Comparison of Pregnancy Outcomes in Women with Polycystic Ovarian Syndrome with and Without Glucophage

Comparison of Outcome of Pregnant Females with Polycystic Ovarian Syndrome with or Without Glucophage

The goal of this clinical trial is to learn if Glucophage (metformin) improves pregnancy outcomes in women with polycystic ovarian syndrome (PCOS). It will also evaluate the safety of Glucophage during pregnancy. The main questions it aims to answer are:

Does Glucophage reduce the risks of early pregnancy loss, preterm delivery, and gestational diabetes? Are there any medical problems associated with taking Glucophage during pregnancy? Researchers will compare Glucophage with standard care (diet and exercise) to see if it improves pregnancy outcomes in women with PCOS.

Participants will:

Take Glucophage or follow a standard diet and exercise plan throughout pregnancy.

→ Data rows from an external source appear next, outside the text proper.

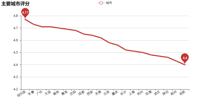 打出最高分4.77分的正是沈腾家乡的省会城市哈尔滨(沈腾出生于黑龙江齐齐哈尔),看来沈腾在黑龙江还是被广大父老乡亲所认可的。最低分和次低分来自于合肥和郑州,今后的开心麻花可以考虑引入加强在中部地区的宣传。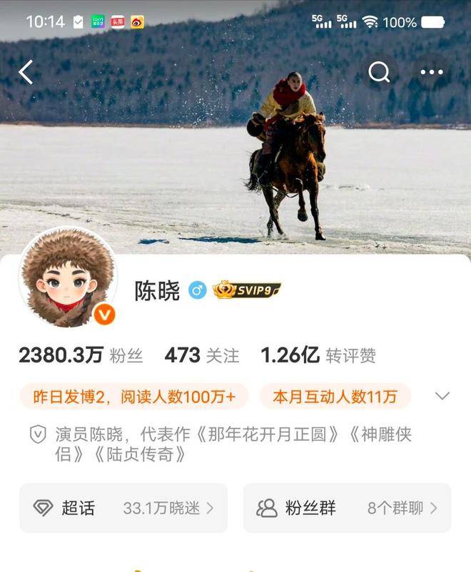 有网友发现陈晓在《大生意人》宣传过后,将微博背景改成了《大生意人》里的剧照,头像也变成了角色的Q版。而在此之前他已经用了十几年杨过的剧照为头像。要知道《神雕侠侣》可是陈晓陈妍希的定情之作,他换掉头像也被指是想要做出一些改变。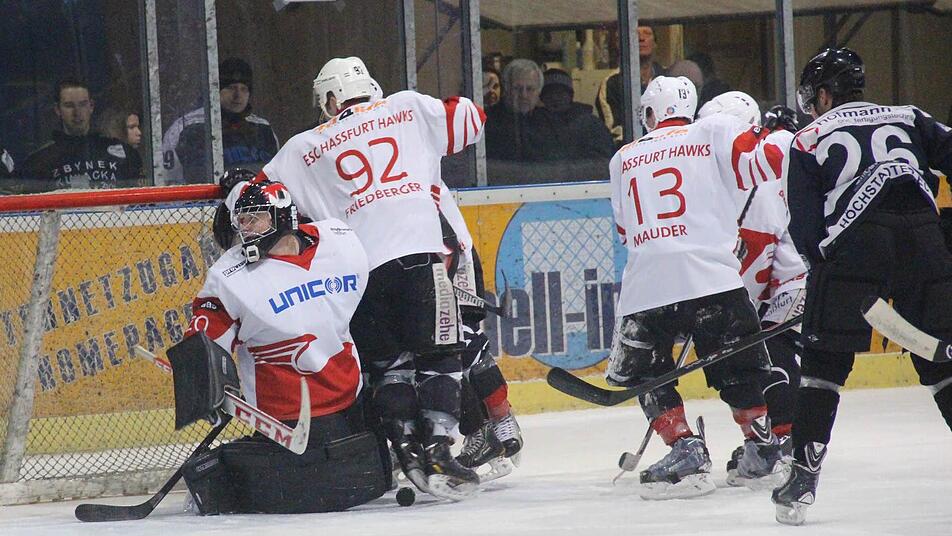 Und so gestaltete sich der Schlussabschnitt eigentlich auch: Höchstadt hatte Chancen en masse, traf den Pfosten, oder lief alleine auf den großartig aufgelegten Hildenbrand im ESC-Kasten zu. Dessen Gehäuse war aber wie zugemauert, das erlösende 4:2 wollte partout nicht fallen. Haßfurt kämpfte leidenschaftlich, hatte aber keine Torchance zu verzeichnen - bis zur 57. Minute. Da schnappte sich Revak gegen Cornforth den Puck und passte zu Eckmair. Der Routinier zeigte all seine Nervenstärke und überwand Glaser zum 3:3 (57.) - was für ein Nackenschlag.

Attend regular follow-up visits for checkups, ultrasounds, and blood tests. Have their pregnancy outcomes, such as fetal growth and gestational diabetes, recorded.

Study Overview

• Status: Not yet recruiting
• Conditions: Pregnancy Outcomes; Polycystic Ovarian Syndrome (PCOS)
• Intervention / Treatment: Procedure: Metformin (Glucophage); Procedure: Standard Care (Diet and Exercise Only)

Detailed Description

This randomized controlled trial aims to evaluate the effectiveness of Glucophage (metformin) in improving pregnancy outcomes for women with polycystic ovarian syndrome (PCOS). The study compares two groups: one receiving standard diet and exercise along with Glucophage and another receiving only standard diet and exercise. Outcomes such as early pregnancy loss, preterm delivery, gestational diabetes, intrauterine growth restriction, and fetal malformations will be assessed.

Participants will be enrolled during their first trimester and followed through delivery. Data will be collected during regular follow-up visits, including ultrasound scans and oral glucose tolerance tests. The study will use statistical analysis to determine whether Glucophage significantly improves maternal and fetal health outcomes compared to standard care. Findings will help guide clinical management strategies for PCOS during pregnancy.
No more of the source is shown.